All who are alive today have their ancestors’ fear instinct to thank. Without their abilities to sense and avoid danger, at least until they reached sexual maturity, your branch on the human family tree would have broken and you would not exist. It is in that spirit that parents of every generation have relied on cautionary tales to improve the chances that their children would survive into adulthood. From a very early age humans learn the power of fear in shaping behavior. They understand, at least on a subconscious level, that they, too, can use fear to dictate the actions of others.

Fear is simultaneously our salvation and our curse. It can save, and it can destroy.

Donald Trump is more illusionist than statesman. He doesn’t need the myths – an invasion by bad hombres at the southern border, an influx of terrorists masquerading as Syrian refugees or a House of Representatives controlled by women of color who hate America – to become fact. He only needs supporters to see the world as falsely as he does and to act in accordance with their fears. It helps, of course, to have a small supporting cast of powerful and influential people who help project those illusions and cultivate, exploit and profit from that fear.

And when fear explodes into bloodshed, it’s easy to walk it back.
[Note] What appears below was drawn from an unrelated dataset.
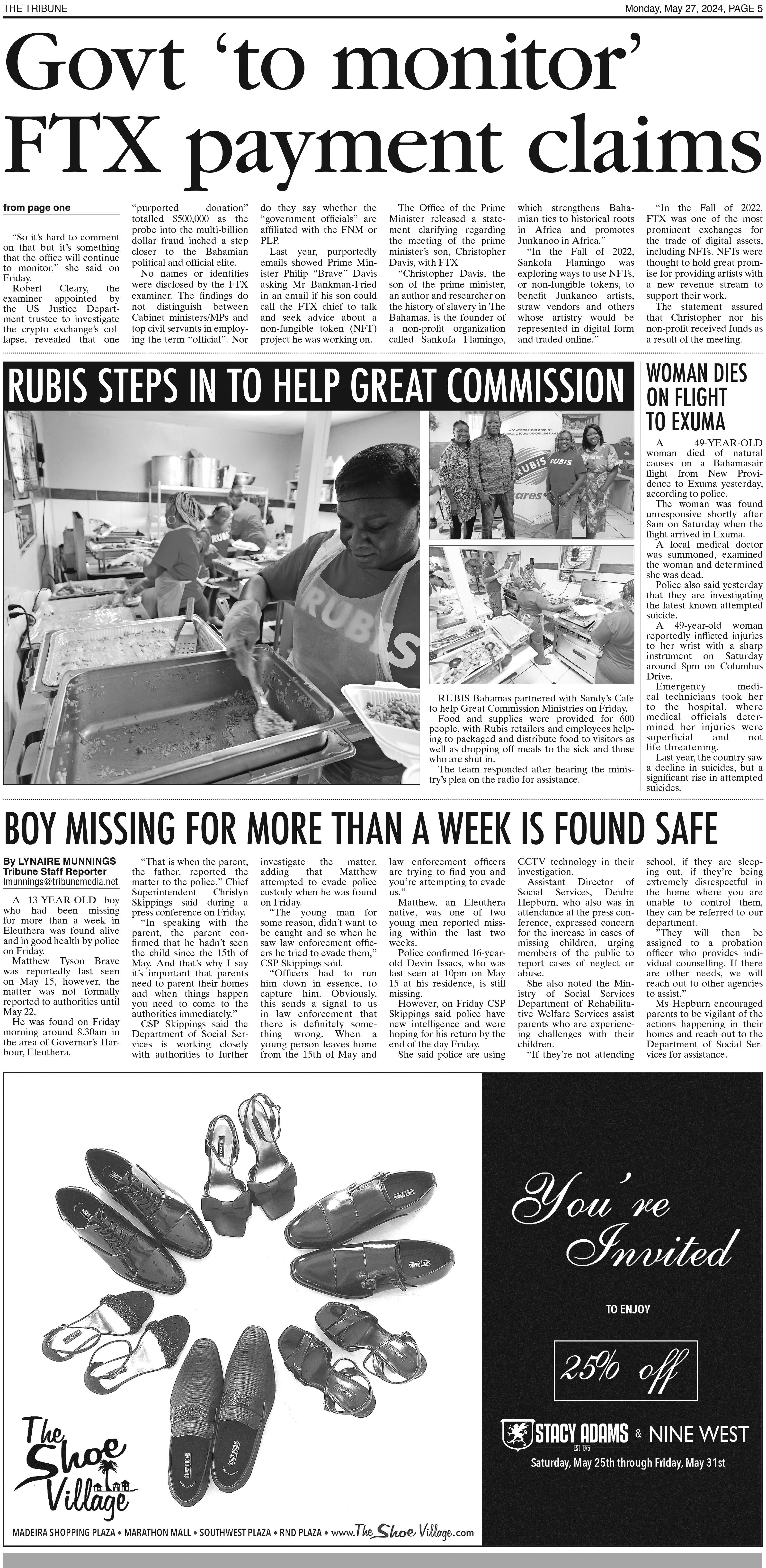 By EARYEL BOWLEG Tribune Staff Reporter ebowleg@tribunemedia.netThe Office of the Prime Minister will continue to monitor allegations that FTX and its former CEO Sam Bankman-Fried paid $675,000 to entities

It’s the easiest thing in the world. You profess love, compassion and respect for black people, immigrants, refugees, women, children, whoever. You say hate has no place in America. You say you don’t have a racist bone in your body.

You say anything because the words don’t matter anymore. The seeds have been planted and the fear has taken root. Like an invasive weed it will spread, uncontrolled and unstable.

During his first inaugural address in 1933, Franklin D. Roosevelt famously said, “The only thing we have to fear is fear itself.” In the decades since, those words have served as a call to national bravery, courage and fortitude. But in these times, and under this president, we know those words should be understood in the simplest, most literal way.

Donald Trump wants you to be afraid, needs you to be afraid, because fear itself is the sole source of his power.